Keywords

1 Introduction

In an attempt to increase the transparency of black box models in Artificial Intelligence (AI) application, recent research has increasingly focused on the explainability of opaque classifiers such as Neural Networks [1, 4].

The potential benefits of this transparency have been frequently discussed in literature, for areas of application ranging from social good and fairness to legal use [7].

These developments are especially crucial for Medicine related applications, where auditing Machine Learning (ML) and Deep Learning (DL) systems is seen as essential. Requiring blind trust of these models would be an obstacle for greater application in clinical settings [4].

Among the explainable AI (XAI) approaches, a frequently applied one involves training interpretable surrogate models that approximate the more complex black-box model studied. Among these the most known and used method is that of the Local Explainable Model Agnostic Explanations (LIME), developed by Ribeiro et al. in 2016 [6].

Such a technique can generate human understandable explanations, and its model-agnostic nature means it can be applied to any number of classifier systems, from various neural network architectures to other complex ensembles.

LIME can further be used for various data types, from Natural Language Processing problems to Image Classifications. The main idea of this technique, described in greater detail within the next sections, is to explain individual instances by locally perturbing them. For images, this means generating images where parts are covered, training a simpler more interpretable model to identify how much each region contributes to a given classification.

More recently, Palatnik-de-Sousa et al. [8] have employed LIME to generate explanations for a dataset of lymph-node metastasis images, used in a binary classification task for presence/absence of metastatic tissue. The explanations of a Convolutional Neural Network’s (CNN) classifications were then compared to medical expert segmentations, showing agreement between both.

A recent survey of the state of the art for XAI in digital pathology [5] mentions two additional related works dealing with XAI for medical imaging. Tang et al. [10] developed interpretable classifications of Alzheimer’s disease pathologies, and Huang and Chung [2] describe a method for weakly supervised learning that can effectively pinpoint cancerous tissue in cancer detection tasks.

However, after the results in [8] some key issues became apparent and highlighted potential problems of directly applying LIME without fine tuning. Namely, using this technique with standard parameters might not generate the best results. The segmentation of the image into meaningful contextual sub-regions (often called segments or superpixels) is controlled by certain parameters that were shown to influence the results.

In the case of [8] these parameters were manually tuned. However this demonstrated other two possible issues. The first is related to computational times. Since LIME depends on generating sets of perturbed images, and each of these must be evaluated by the black-box model studied, this can and does create a computational bottleneck, especially for large CNN models that might take more time to evaluate each image. This makes the task of fine tuning parameters more time consuming. Also, due to the random nature of how these perturbed images are generated, the results of a given LIME explanation could, and generally do vary, if repeated multiple times for the same instance.

Aiming to solve these issues, Palatnik-de-Sousa et al. [9] developed a novel explainable methodology, modular in nature, that uses Multi-Objective-Optimization (MOO) combined with an explainable algorithm (in this case LIME) to automate parameter fine tuning, and consequently find the best explanations. The explanations generated by their EvEx model shows it’s possible to find explanations that are robust against the random nature of LIME, improving upon their previous results.

However, although this seems to remedy the reproducibility problem, it still generates a large computational cost, with the runs of this explainable model taking between 4 and 8 h for each patch studied. The goal in this manuscript is to present an alternative solution to this problem, that dramatically reduces the computation times from the order of magnitude of hours, to minutes.

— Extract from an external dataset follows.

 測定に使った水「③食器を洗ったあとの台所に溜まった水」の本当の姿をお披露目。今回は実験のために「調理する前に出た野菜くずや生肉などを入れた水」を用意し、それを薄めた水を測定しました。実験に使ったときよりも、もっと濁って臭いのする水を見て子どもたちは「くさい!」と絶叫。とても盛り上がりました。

In order to do this, the detail and quality of the explanations is traded off. By using very simple square divisions on the image, the idea is to test whether this simple approach can find the most relevant parts of an image quickly, whenever this might be necessary or enough for a given image classification problem, or auditing.

2 Materials and Methods

In this section the main aspects of the methodology are briefly described. A summary of how LIME and EvEx work, as well as the dataset used for this study are presented. Then, the proposed approximated model is described.

The experiments here described largely follow the same methodology discussed in greater detail on [9], with the main difference being the use of the approximated explanation generation, instead of the EvEx model.

2.1 Patch Camelyon

Patch Camelyon (P-CAM) [3, 11] is a dataset derived from the Camelyon 16 Whole Slide Images (WSI). It consists in about 200 thousand 96 by 96 pixel patches of histopathology images. These images have a binary label representing the presence or absence (labels 1 or 0 respectively) of at least one pixel of metastasis in the 32 by 32 pixel center of the image. Furthermore the dataset is balanced so that the classes are divided in nearly equal splits.

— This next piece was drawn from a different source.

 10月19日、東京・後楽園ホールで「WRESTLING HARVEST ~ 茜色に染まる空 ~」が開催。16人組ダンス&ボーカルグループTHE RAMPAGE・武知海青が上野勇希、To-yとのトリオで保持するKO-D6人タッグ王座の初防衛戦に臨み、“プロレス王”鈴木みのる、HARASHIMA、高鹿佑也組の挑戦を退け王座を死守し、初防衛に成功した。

A more detailed discussion of this dataset can be found in [8] and [9]. The patches selected for this study were true positives, to allow for comparison with medical expert manual segmentations contained in the dataset.

2.2 LIME

For the case of image classification problems, the computation of LIME explanations involves first separating the images into segments that hold some contextual information.

In general this means contiguous sub-regions of the image - often called super-pixels - that have colors or textures in common, and could reasonably represent a relevant pattern in a human understandable explanation. There are multiple algorithms that can be used to segment an image into such super-pixels, and it has been shown [8, 9] that good segmentations can deeply affect the results of the explanation.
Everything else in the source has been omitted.